For this special configuration, $\angle EDC=90+39-48=\boxed {81^{\circ}}$

Using Sine Rule,

$\dfrac{\sin 39^\circ\sin 84^\circ}{\sin 63^\circ\sin 48^\circ}\sin x^\circ = \sin(30^\circ+x^\circ)$

Solving, $\sin x = 0.987688\\\Large\boxed {x = 81^\circ}$

How I got it? Here:

Let $CD$ intersect $EA$ at $F$ and $EC = m\\CD = n\\CA = b\\\angle CDE = x\\\angle DEC = y$ Chasing angles, $\angle CEA = 39^\circ\\\angle ECD = 30^\circ\\ \angle CAE = 63^\circ\\\angle CDA = ~48^\circ$

Sine rule says, in a triangle, $\dfrac {a\sin B}{\sin A} = b$

So, in $\triangle CEA$ , $\dfrac {m\sin 39^\circ}{\sin 63^\circ} = b$

Now, in $\triangle CDA$ , $\dfrac{b \sin 84^\circ}{\sin48^\circ} = n\\\\\Rightarrow \dfrac {m\sin 39^\circ}{\sin 63^\circ}\cdot\dfrac{\sin 84^\circ}{\sin48^\circ}=~n$

In $\triangle EDC$ $180^\circ - (x + 30^\circ) = y\\\dfrac{m\sin y}{\sin x} = ~n$

$\sin(180^\circ - \theta) = \sin\theta$

So, we get $m\dfrac {\sin 39^\circ\sin 84^\circ}{\sin 63^\circ\sin48^\circ} = m\dfrac{\sin y}{\sin x}\\\\\Rightarrow \dfrac{\sin 39^\circ\sin 84^\circ}{\sin 63^\circ\sin 48^\circ}\sin x = \sin(x+30^\circ)$

Solve it to get the answer!

In my solution I assumed the length of AC to be 1, then I used sine law and cosine law to find for the required angle.

From what is given, <CDA = 48, so triangle ACD is isosceles.

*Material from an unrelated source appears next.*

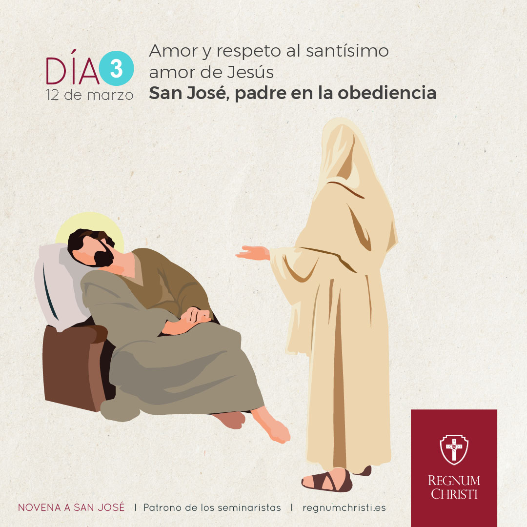 En el primer sueño el ángel lo ayudó a resolver su grave dilema: «No temas aceptar a María, tu mujer, porque lo engendrado en ella proviene del Espíritu Santo. Dará a luz un hijo, y tú le pondrás por nombre Jesús, porque él salvará a su pueblo de sus pecados» (Mt 1,20-21). Su respuesta fue inmediata: «Cuando José despertó del sueño, hizo lo que el ángel del Señor le había mandado» (Mt 1,24). Con la obediencia superó su drama y salvó a María.

Let CA = AD = 1. By the Law of sines, CD/ sin(84) = 1/ sin(48), so CD = 1.338261212.Filling some angles, < COA = 69, where O is the intersection of EA and CD., <EAD = 21, <BCD = 30, < CEA = 39. Define < AED by t. . Then by Sine Law, ED / sin(21, so ED, = .35836795/ sin(t). Also ED/sin(30) = CD/sin(39 + t) = 1/ sin(t). Using the value for CD and equating these two equations for ED , we can solve for t; t = 30, and from triangle EDO, we have x = 180 -t - 69 = 81. Ed Gray

Let AE and CD intersect at F. Following are the angles we get.
ACD.. =.. 48,......... ADC.. =.. 48,.......... ECD.. =.. 30,.......... EAC.. =.. 63,.......... EAD.. =... 21,..... AEC.. =.. 39 .......
EFC.. =.. DFA.. =.. 111, .......... DFE.. =.. AFC.. =.. 69,.......... CDE.. =.. X ........... DEA.. =.. Y.. =.. 111.. -.. X
Let AC = AD = a, since isosceles triangle CAD has two 48 angles.
Applying sin rule to the following triangles,
ACE :- EC/sin63 = a/sin39
CED :- EC/sinX = ED/sin30 ...............> sinX/EC = sin30/ED
AED :- a/sinY = ED/sin21...............................................................................................................................

( a/sinY ) ( sinX/EC ) ( EC/sin63 ) = ( a/sin39 ) ( sin30/ED) ( ED/sin21)
sinX/{ sin( 111 - X ) } = ( sin63/ sin39 ) * ( sin30/ sin21) .........................................................................

EXPANDING sin( 111 - X ) AND SIMPLIFYING WE GET X = 81.
Sorry I am not able to copy the sketch I have with me.